WHAT IS BEING ASKED — When you reach the line that contains "Não há sorte", please begin copying, and carry on exactly to the last line of the material, leaving out every picture.

DATA PROVIDED —
------------------------------------------------------------

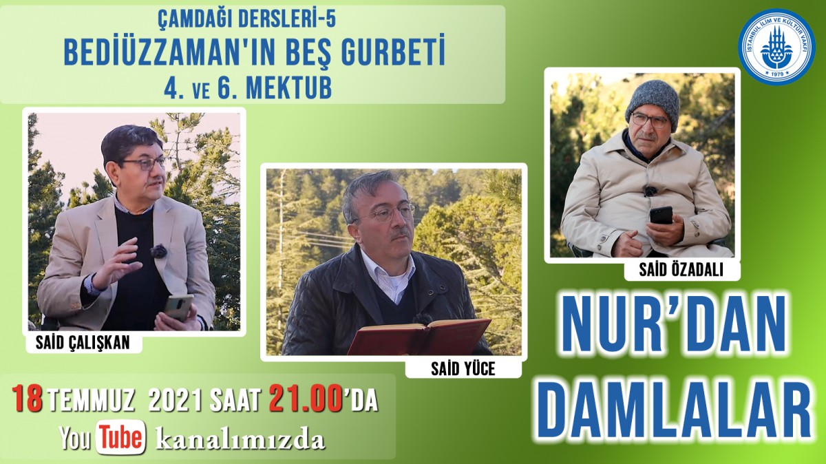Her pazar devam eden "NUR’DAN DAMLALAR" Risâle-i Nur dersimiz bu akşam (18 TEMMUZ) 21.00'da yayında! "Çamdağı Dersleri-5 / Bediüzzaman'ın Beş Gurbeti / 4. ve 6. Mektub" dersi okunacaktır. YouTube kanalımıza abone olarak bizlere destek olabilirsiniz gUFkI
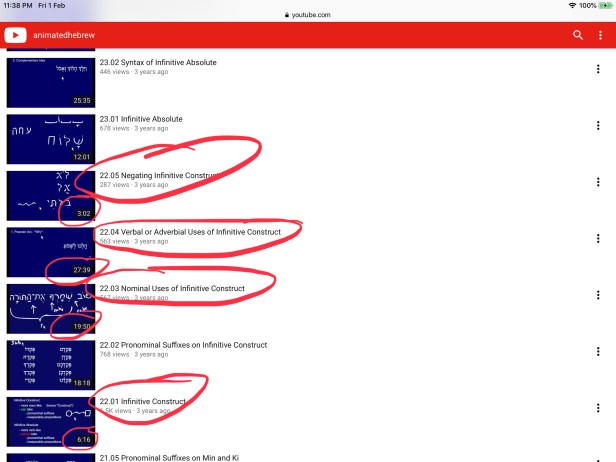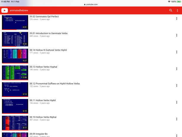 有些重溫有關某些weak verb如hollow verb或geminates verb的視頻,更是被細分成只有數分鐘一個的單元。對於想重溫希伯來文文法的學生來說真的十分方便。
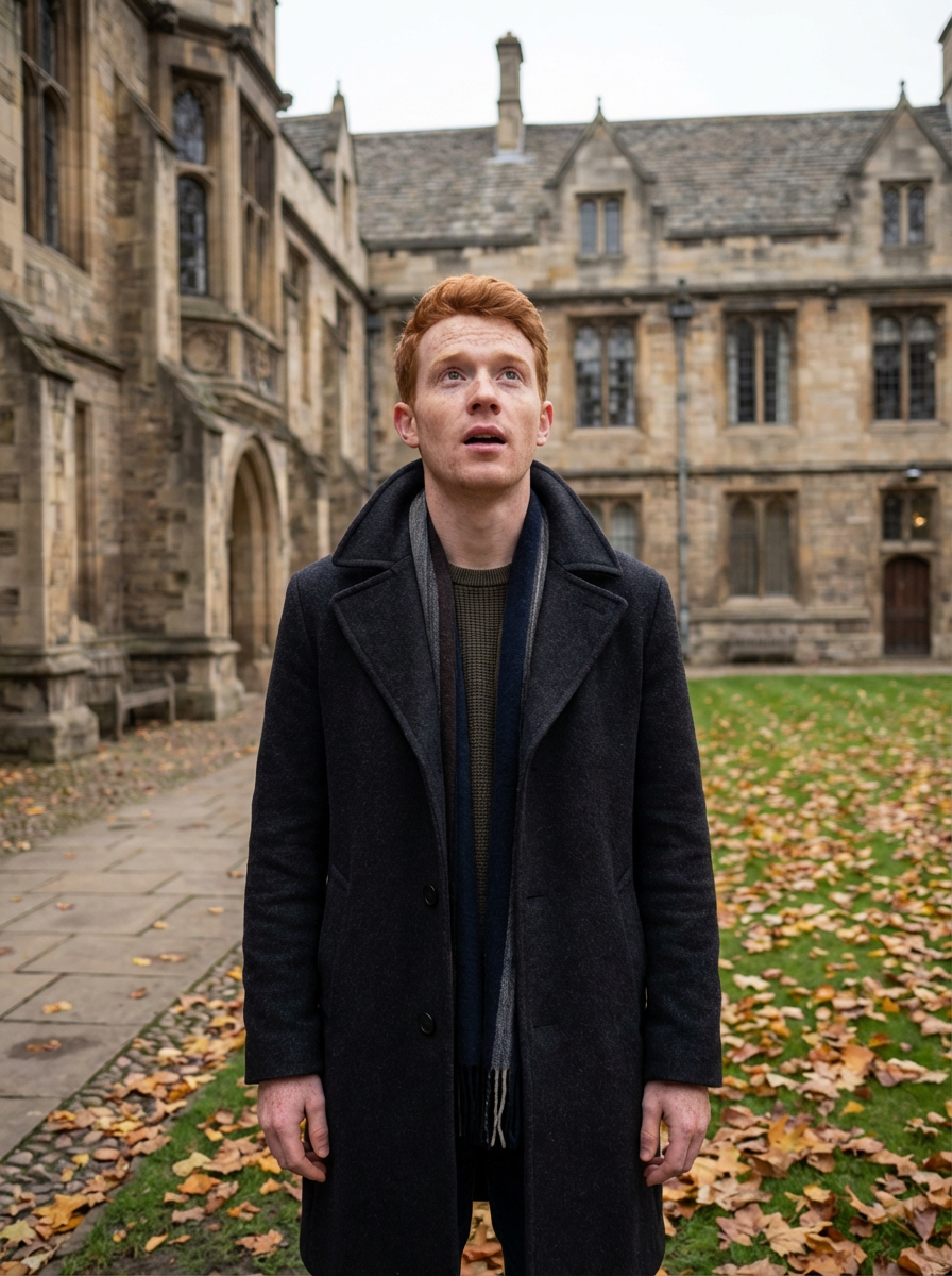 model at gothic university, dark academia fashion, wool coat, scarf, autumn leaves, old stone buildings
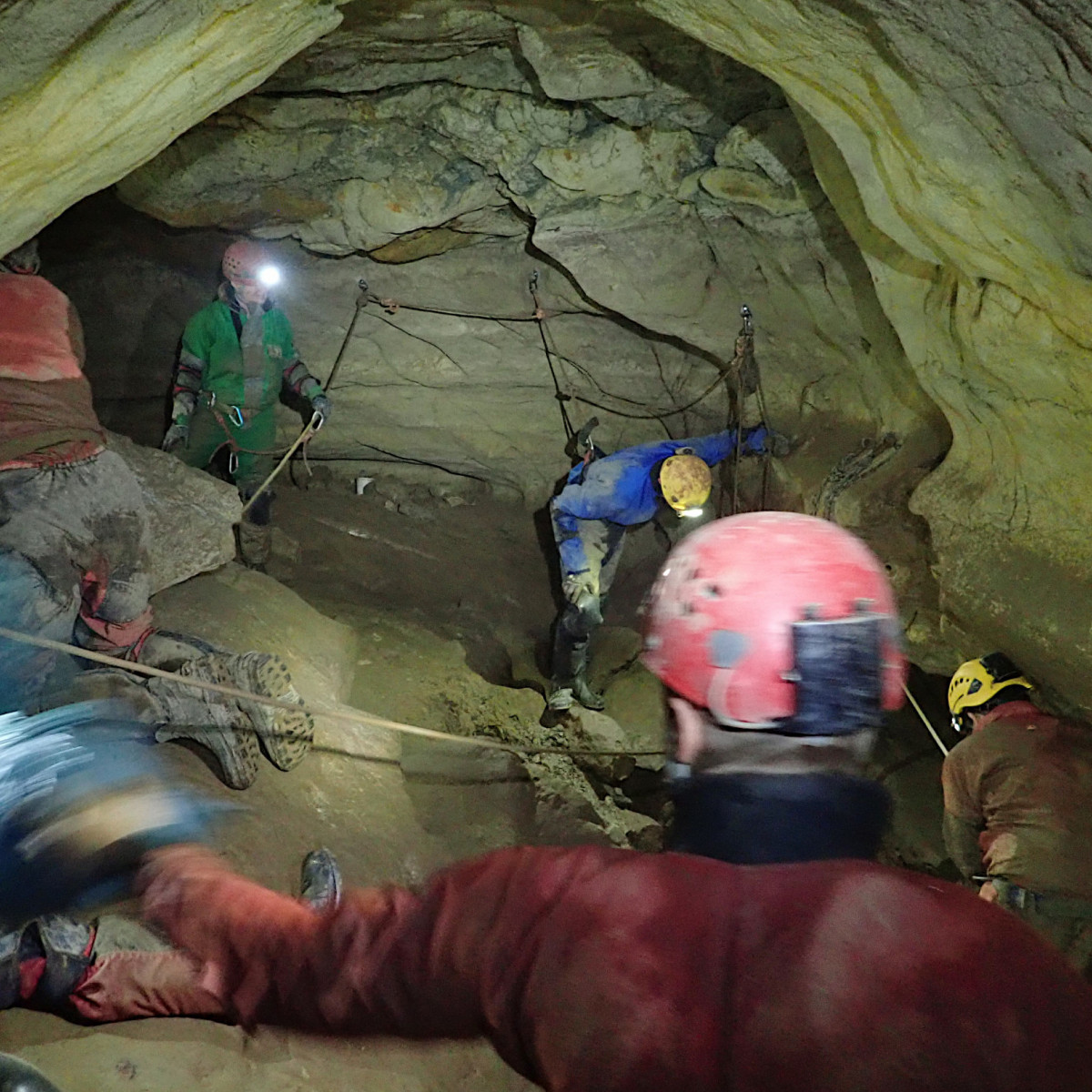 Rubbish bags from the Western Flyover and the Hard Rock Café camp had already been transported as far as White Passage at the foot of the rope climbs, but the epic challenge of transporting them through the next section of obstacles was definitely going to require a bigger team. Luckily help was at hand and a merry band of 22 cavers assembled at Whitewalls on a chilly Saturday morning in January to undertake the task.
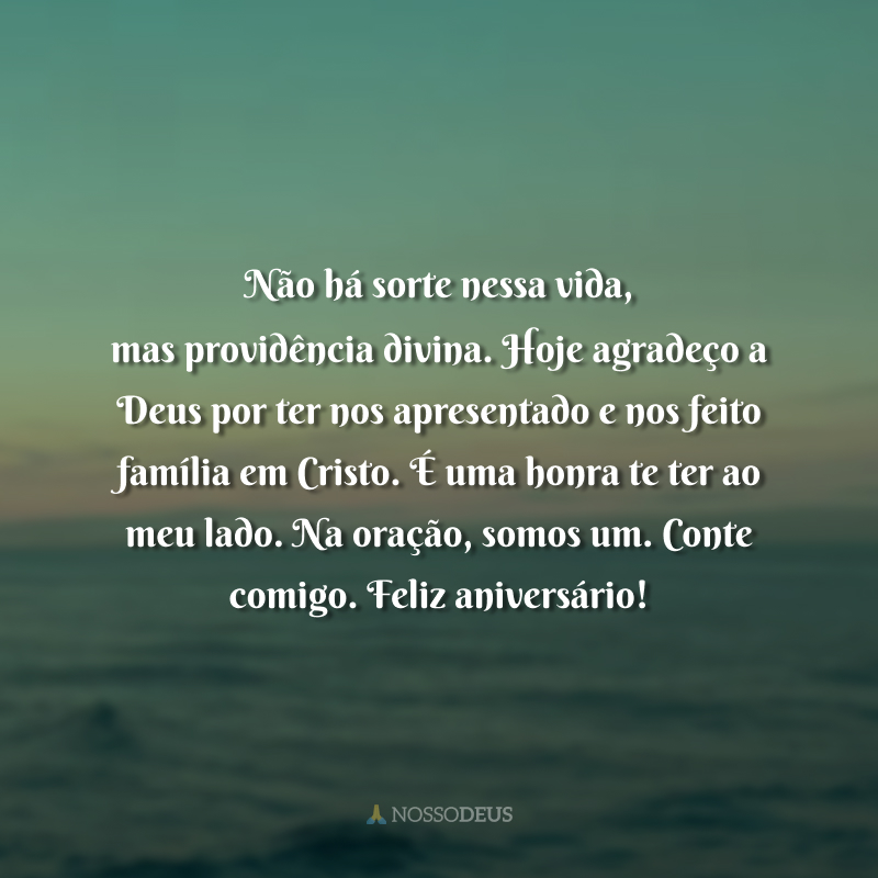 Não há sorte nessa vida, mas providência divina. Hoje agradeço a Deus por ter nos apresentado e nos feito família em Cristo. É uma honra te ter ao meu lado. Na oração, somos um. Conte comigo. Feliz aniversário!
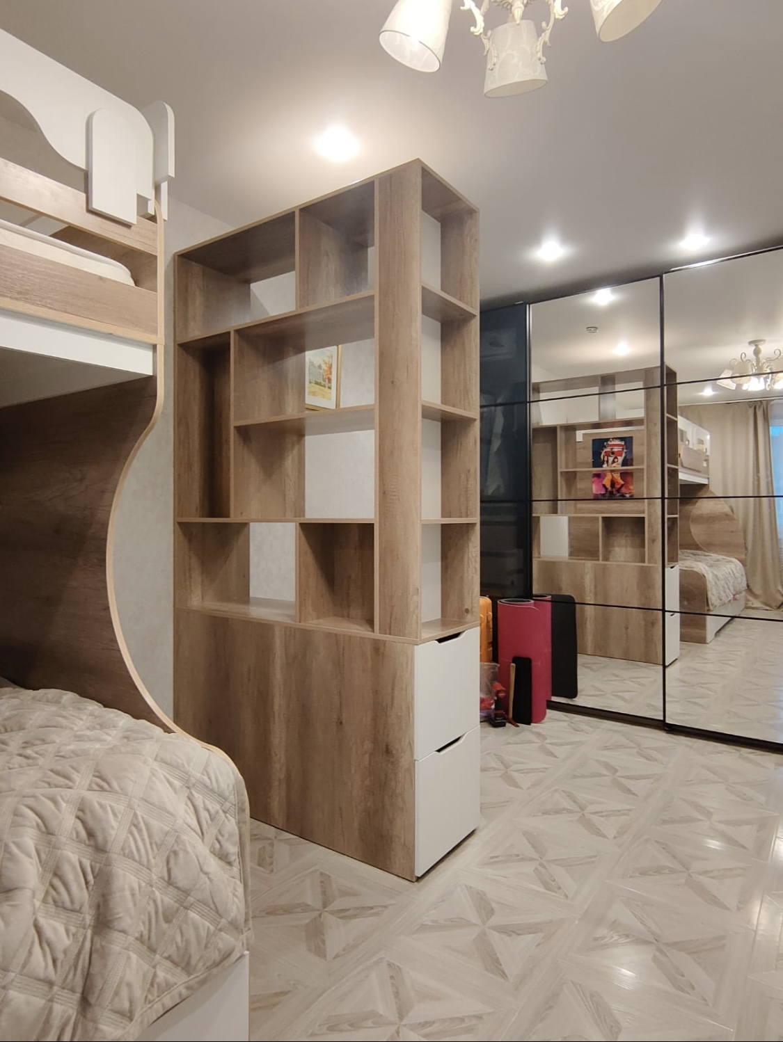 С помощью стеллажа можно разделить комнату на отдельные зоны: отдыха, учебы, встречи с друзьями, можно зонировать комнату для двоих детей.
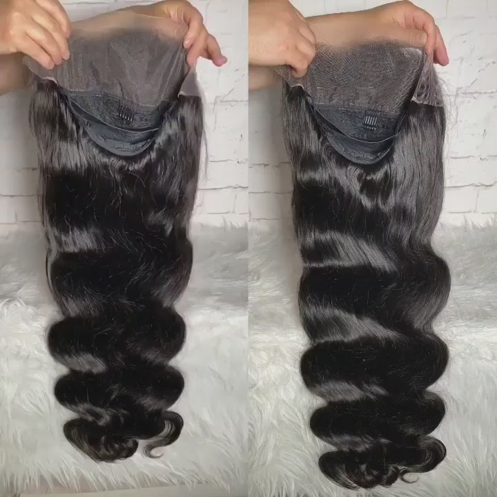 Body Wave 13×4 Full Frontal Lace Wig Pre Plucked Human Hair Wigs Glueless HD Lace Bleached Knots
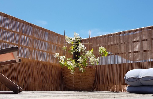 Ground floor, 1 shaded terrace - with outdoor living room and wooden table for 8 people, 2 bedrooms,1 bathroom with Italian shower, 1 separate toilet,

------------------------------------------------------------

EXERCISE SOLUTION —
 Não há sorte nessa vida, mas providência divina. Hoje agradeço a Deus por ter nos apresentado e nos feito família em Cristo. É uma honra te ter ao meu lado. Na oração, somos um. Conte comigo. Feliz aniversário!
 С помощью стеллажа можно разделить комнату на отдельные зоны: отдыха, учебы, встречи с друзьями, можно зонировать комнату для двоих детей.
 Body Wave 13×4 Full Frontal Lace Wig Pre Plucked Human Hair Wigs Glueless HD Lace Bleached Knots
 Ground floor, 1 shaded terrace - with outdoor living room and wooden table for 8 people, 2 bedrooms,1 bathroom with Italian shower, 1 separate toilet,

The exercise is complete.